Good afternoon to one and all! 

I wish to continue this thread along two lines:

Firstly, the carpet in our motorhome kitchen area is now in our garage at home, and has been replaced by 5 or 6 rubber-backed bathroom mats, about 3' x 2'. Advantages: they don't slip around and, when horribly filthy, they go into the washing machine!! :roll: Easy! :wink: These were bought from Dunelm Mill for about £7 each. They really are convenient and effective.

Secondly, our cab already has a separate carpet, tailored to fit. But it was never put onto poppers. When I got round to investigating, I found out why... the cab floor of the X2/50 is RUBBER, hollow, soft... :roll: :x 
I tried some poppers/press-studs and that has stopped the cab carpet from sliding around to a large extent but I'm not happy with that idea. I'm thinking of trying some butterfly-type cavity wall fixings, to spread the load at the back of the rubber. Does anyone have another answer?


----------



## Grizzly (May 9, 2005)

Spacerunner said:


> For carpeting the cab I purchased a very nice fitted cab floormat from a Fiat main dealer's accessory shop.
> Its thick, grey-ish and shrugs off water and dirt. The backing is waterproof and non-slip and fits well, also has two screw down points to stop it slipping.
> Cost about £33 and even has "Ducato" nicely embroidered on it.
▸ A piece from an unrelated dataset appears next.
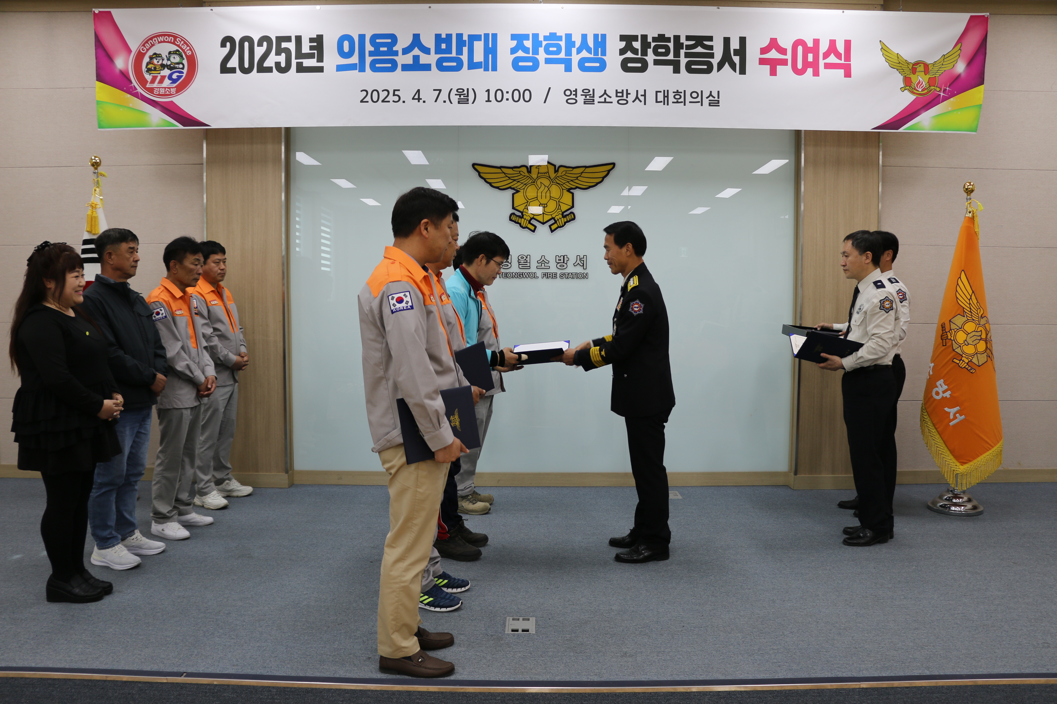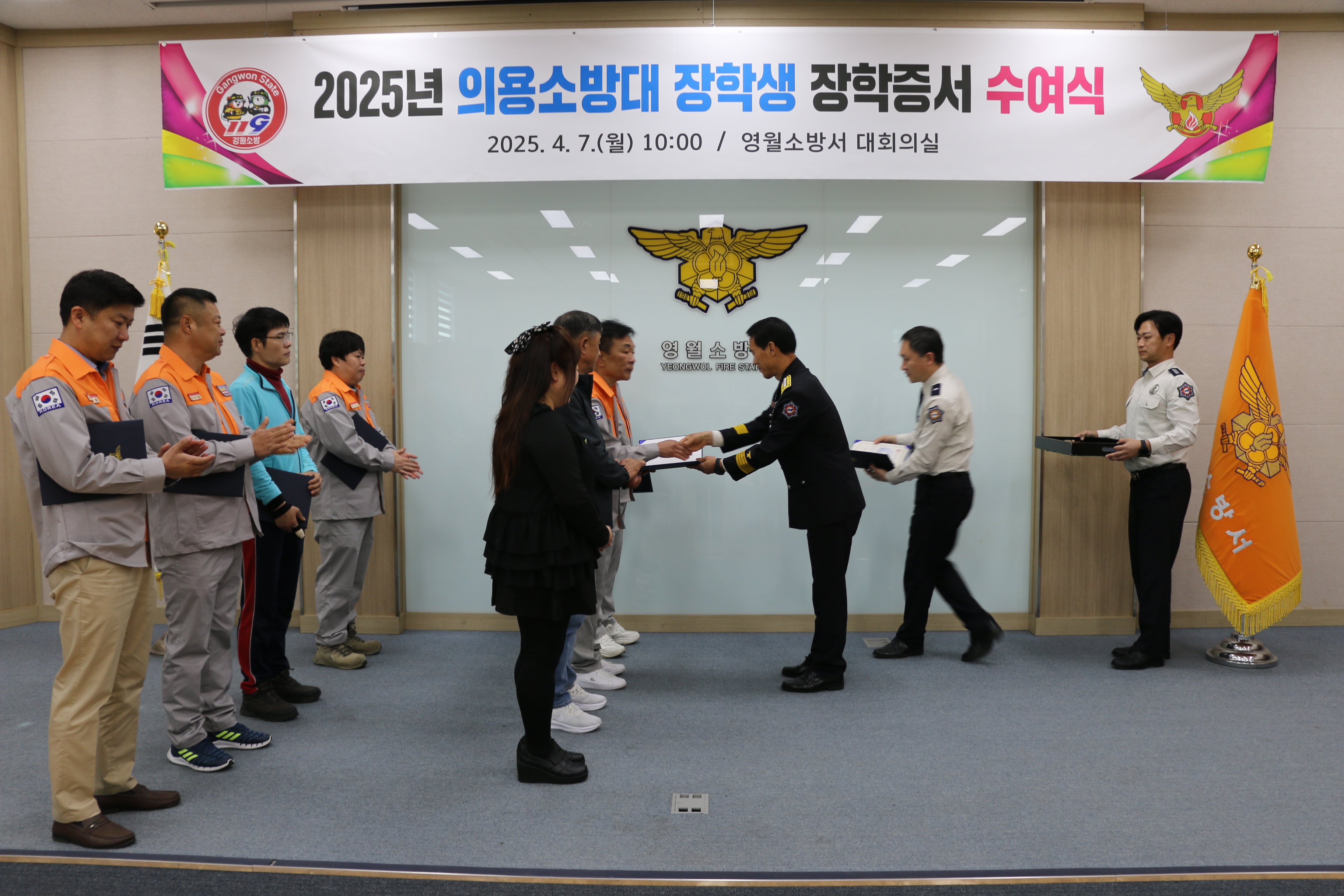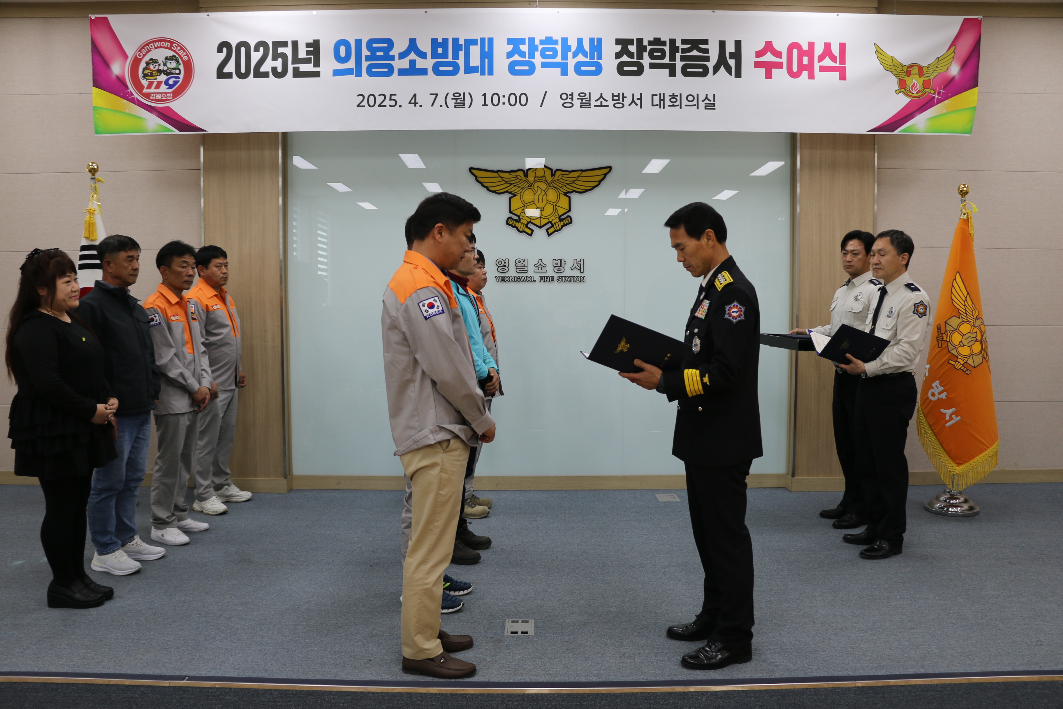 | 1274 | 의용소방대 장학생 장학증서 수여식 (25년 4월 7일) | 영월 | 2025-04-07 | 302 | |

This sounds an excellent buy. Does it cover all the cab area - including the bit between the seats ? Does it fit the X250 ?

G


----------



## Spacerunner (Mar 18, 2006)

Grizzly said:


> This sounds an excellent buy. Does it cover all the cab area - including the bit between the seats ? Does it fit the X250 ?
> 
> G


Yes it does to all your questions. Its very well made and a really good fit.

I had to remove the plastic sides the cab seats to get the carpet to fit underneath the edges then replace them.

It hoovers off easily, especially mud after it has dried.


----------



## Grizzly (May 9, 2005)

Spacerunner said:


> Yes it does to all your questions. Its very well made and a really good fit.
> .


This sounds just the job. I'll get onto our dealer. Thanks very much for putting us on to it.

We want to split the cab and living area carpet so that we can take the living area one out to give it a good shake now and then. I use a brush and dustpan on the road but this makes the rest of the van dusty and is best done outside.

G

Edit: Just been doing a little googling and come up with:

THIS

The owner of Marcle Leisure used to be a regular on here.

G


----------